Fixer-Uppers New franchises offer prescriptions for what’s ailing healthcare

Dr. Alejandro Badia, right, and a staffer at OrthoNow, offering orthopedic urgent care.

With demand for services up and job satisfaction for providers down, medical franchises are taking off. But beware, one expert says, because ‘franchising in healthcare is not for sissies.’

Walk-in patients with ankle sprains, wrist fractures, concussions and other injuries will soon get instant relief, if OrthoNow realizes its plan to sell 15 franchises across the country this year.

Calling itself the nation’s only orthopedic urgent care franchise, OrthoNow opened its first location in Miami in May 2013 and began selling franchises in January 2014.

The franchisor is betting the concept will score big. Its growth is expected to be fueled largely by offering savings to insurance companies, employers and accountable care organizations, says Dr. Alejandro Badia, OrthoNow’s chief medical officer and CEO. On average, he figures a patient visit at OrthoNow runs $275 versus at least $1,500 at a hospital emergency room.

 Enter the world of medical and healthcare franchises, where firms are opening and expanding briskly nationally. Enterprising medical practitioners are using the franchising model to offer less expensive and more efficient services. Baby boomers living longer, seniors demanding more specialized care and soaring healthcare costs are also boosting activity.

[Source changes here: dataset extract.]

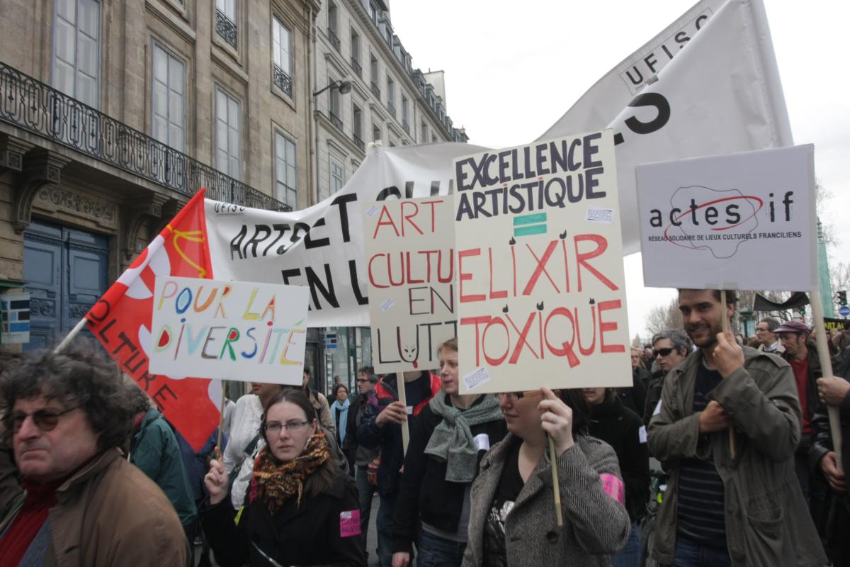 Lundi 27 mars 2010 manifestation à Paris,du Palais royal au Sénat où la loi est en discussion, de tous les acteurs de la culture contre la réforme des collectivités territoriales qui coupent les budgets

Concurrently, reports indicate Obamacare could add more than 21 million people to the insured in the next 10 years, with some 4 million already enrolled  this year. U.S. healthcare spending is projected at $4.5 trillion by 2019, according to recent estimates, offering opportunities for  the franchises.

Based on the number of locations opened, the Chicago-based iFranchise Group lists some of the hottest franchise categories in the sector and their growth rates during the past three years: medical care (200 percent), medical staffing  (105 percent) and chiropractic care and therapy, (both around 60 percent).

But “franchising in healthcare is not for sissies,” says Mark Siebert, CEO of iFranchise.

He says expanding healthcare franchisors must ensure they are complying with state and federal regulations or they could face significant problems.

For example, there are prohibitions that don’t allow healthcare professionals to split patient fees with a third party. So, a healthcare franchisor that takes a traditional “percentage royalty” from franchisees could violate some of these laws in certain states.  “An understanding of these issues, and how to work through them, is essential to success in healthcare franchising,” Siebert says.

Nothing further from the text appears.